= VAA – Chemistry Executives =

VAA : Chemistry Executives is a German organisation for managers and executives in chemical industries. It safeguards the interests of 27,000 members and is one of the most important German professional associations and unions for executives, academics and employees with managerial responsibility.

It was founded in 1919 as the Union of Employed Chemists and Engineers “Budaci”. The VAA champions the material, legal and social interests of its members. It gives them advice on different aspects of working life and tries to provide better labor conditions by negotiating collective agreements. The association offers special legal services for retirees and older employees, who participate in part-time work schemes.

== Structure ==

The VAA represents executive staff, managers, academics, and professionals. Members of the VAA belong to different occupational groups with over 70% of the VAA members having an academic background, many from the field of natural or applied sciences. Thus many of them work as scientists, engineers or managers. But there are also a significant number of economists, agronomists and lawyers working in responsible positions for small and medium enterprises (SMEs), larger companies and corporations in the chemical industry.
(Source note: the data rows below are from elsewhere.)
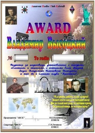 Диплом учреждён радиоклубом "Кристалл" в память о замечательном
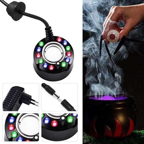 Ultraschall Vernebler,12 LED Nebelmaschine Mini,Nebelmaschine Halloween,Mini Nebelhersteller,Ultraschall Nebler Led,Mist Maker Wassernebler Fogger,Nebelgerät für Halloween Kürbis und Hexentopf,Party
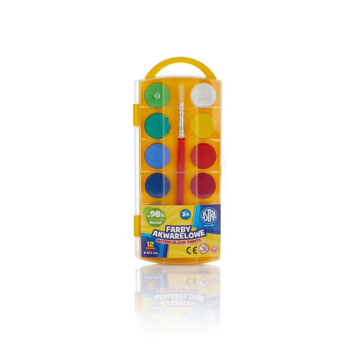 FARBY AKWARELOWE 12 kol, z pędzelkiem 23,5
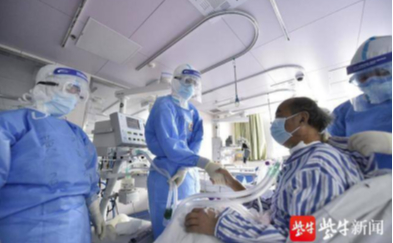 黄石市中心医院一批新冠肺炎危重患者病情好转、逐渐平稳。江苏省支援湖北疫情防控前方指挥部副总指挥鲁翔、江苏援黄石医疗支援队医疗救治及专家组组长黄英姿,来到患者病床前为他们打气。
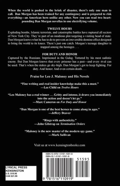 When the world is pushed to the brink of disaster, there’s only one man to call. Dan Morgan has been trained for any contingency and is prepared to risk everything—an American hero unlike any other. Now you can read two heart-pounding Dan Morgan novellas in one electrifying volume. TWELVE HOURS Exploding bombs, Islamic terrorists, and catastrophic battles have ruptured all sectors of New York City. They’re part of an insidious plot targeting a visiting head of state. Dan Morgan knows what he has to do to prevent an irreversible domino effect designed to bring the world to its knees. There’s just one catch. Morgan’s teenage daughter is trapped among the hostages . . . FOR DUTY AND HONOR Captured by the Russians. Imprisoned in the Gulag. Tortured by his most sadistic enemy. But Dan Morgan knows that every prisoner has a past—and every rival can be used. That’s when the stakes go sky-high. Dan Morgan’s got to keep fighting. For duty. And honor. And even certain death . . . Praise for Leo J. Maloney and His Novels "Fine writing and real insider knowledge make this a must."—Lee Child on Twelve Hours "Leo Maloney has a real winner . . . Gritty and intense, it draws you immediately into the action and doesn’t let go."—Marc Cameron on For Duty and Honor "Dan Morgan is one of the best heroes to come along in ages."—Jeffery Deaver "Rings with authenticity."—John Gilstrap on Termination Orders "Maloney is the new master of the modern spy game."—Mark Sullivan Visit us at www.kensingtonbooks.com
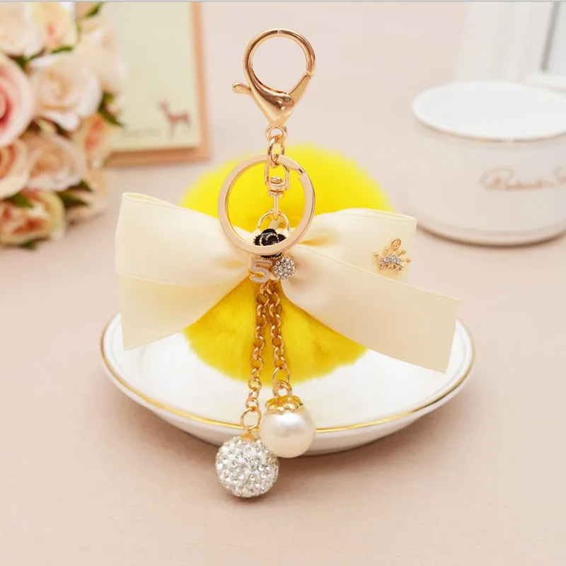 Меховой брелок с бантом и помпоном, брелок с помпоном из натурального меха кролика Рекс, брелок с помпонами из меха, брелок для сумки
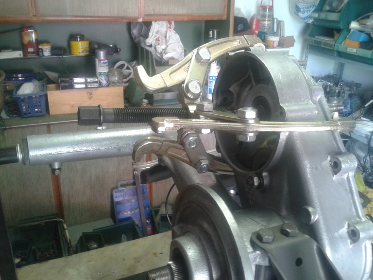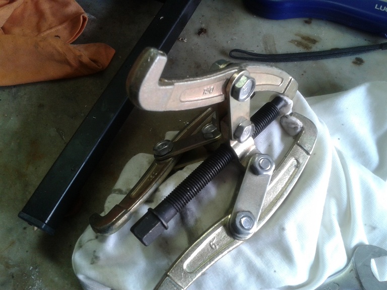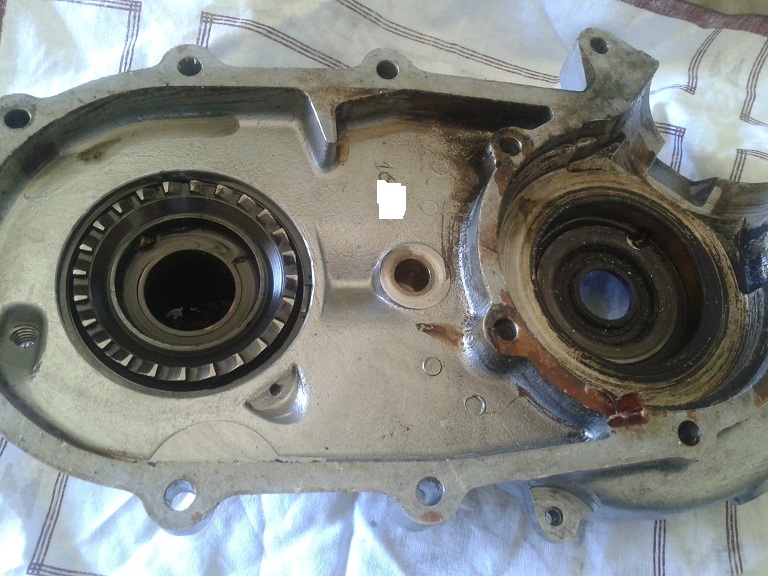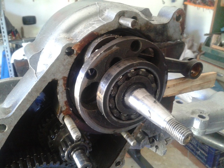 quindi tranne il boccolo della messa in moto rimasto sul semicarter volano, tutto il resto è rimasto attaccato al semicarter lato frizione. Per rimuovere l'albero motore ho usato un estrattore a tre bracci che avevo in officina mettendo dei feltrini sulle griffe per non rigare il carter. Dopo un clac (uscita del cuscinetto dal suo allopggio nel semicarter lato frizione) è uscito tutto facilmente (senza scaldare o comprare il costosissimo estrattore piaggio)con i 2 cuscinetti rimasti attaccati all'albero motore....ma poi vedremo di levarli...

The VAA is divided into eight state groups, the structure of which is related to the regional concentration of chemical companies or corporations. The state groups do not adhere to the administrative territory of the sixteen German states. Each state group consists of a certain number of so-called factory groups, which are made up by VAA members on-site in the respective companies. As a rule of thumb: the bigger the company the greater the number of people organized in a factory group. Hence there are strong factory groups in companies like BASF, Bayer, Clariant, Evonik, Henkel, Merck, Roche Diagnostics, Sanofi or Wacker. In case there is no factory group in a company (e.g. in some SMEs), people enter the VAA as single members.

== Politics ==

As a politically independent professional association, the VAA cooperates with its German social partners, the Federal Association of Employers in Chemistry BAVC and the Mining, Chemical and Energy Industrial Union IG BCE. One of the main tasks of the VAA is collective bargaining. Therefore it holds regular talks with the BAVC. The setting-up of a collective agreement for academics and non-tariff employees (i.e. those professionals, who are not covered by the collective agreement between IG BCE and BAVC) can be considered as one of the association's main achievements. Furthermore, the VAA has managed to sign a special collective agreement on annual remuneration for employees in their second professional year.
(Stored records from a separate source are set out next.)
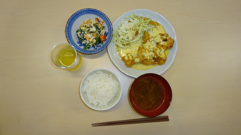 この日のメニューは「チキン南蛮」、「コンソメスープ」、「白和え」の三品です。
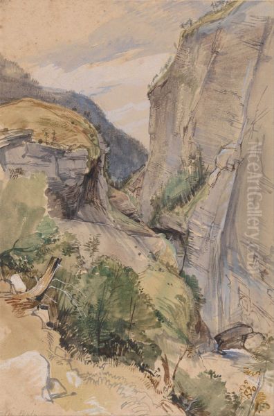 Step into the haunting grandeur of The Via Mala by John Frederick Lewis (1805–1876), a striking example of 19th-century Romantic Orientalism. Painted in 1853, this dramatic landscape captures Switzerland’s notorious Via Mala gorge—a sheer, vertigo-inducing chasm where jagged cliffs loom over a rushing river. Lewis, though better known for his detailed Eastern scenes, masterfully renders nature’s sublime power here, blending precise topography with Romantic emotion. The play of light on damp rock and the precarious wooden bridges whisper tales of peril and awe, reflecting the era’s fascination with untamed landscapes. Though less celebrated than his Oriental works, The Via Mala remains pivotal in understanding Lewis’s versatility and the broader European Romantic movement’s obsession with nature’s dual beauty and terror.
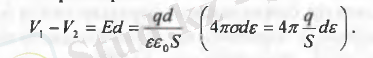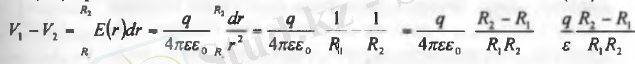 Астарлардың арасындағы потенциалдар айырмасын интегралдау арқылы мынаны табамыз. Өрнек бойынша
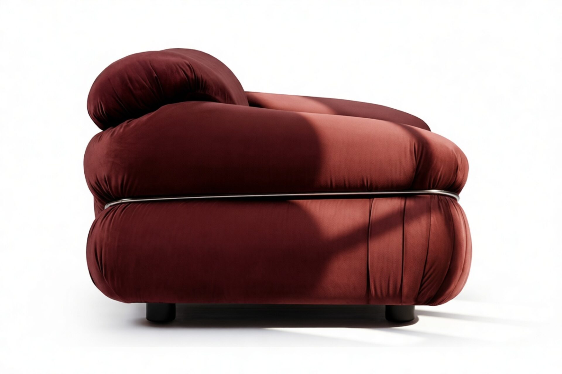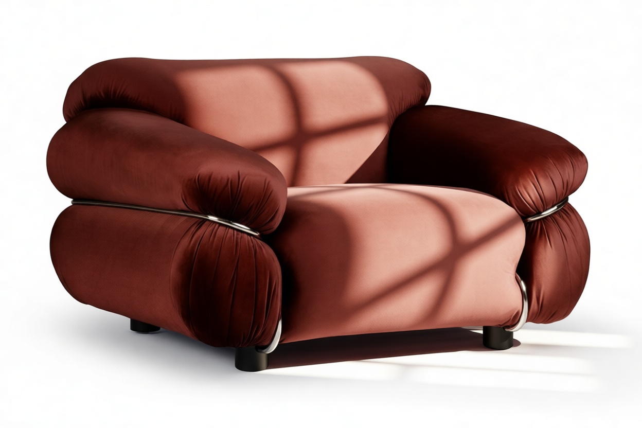 Introducing the Sesann Lounge Chair - a fusion of mid-century sophistication and timeless elegance. Inspired by 1960s design aesthetics, this chair epitomizes iconic style and utility. Ideal for modern living spaces, offices, or lounges, the Sesann enriches decor with refinement and charm. Experience classic elegance in Burgundy Luxe Velvet, exuding architectural sophistication and luxurious comfort.
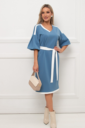 Женственное платье прямого силуэта. V - образная горловина на внутренней обтачке оформлена вставкой. Втачной рукав - фонарик со спущенным плечом. Низ ровный, оформлен притачной манжетой, сзади шлица. Пояс из основного материала входит в комплект.
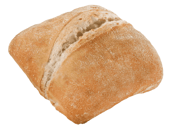 Невероятно мягкий итальянский пшеничный хлеб Миничиабатта с крупной пористостью и по-настоящему "деревенской внешностью": продольный надрез раскрывающий пористый мякиш и присыпанная мукой хрустящая корочка.

The VAA also promotes the interests of its members on the political level. It is a member of the German Managers’ Confederation ULA, an interest group for executives which has close links and ties to political players and organisations in both Berlin and Brussels. The VAA is also a member of the European Federation of Managers in the Chemical and Allied Industries FECCIA and the European Confederation of Executives and Managerial Staff CEC.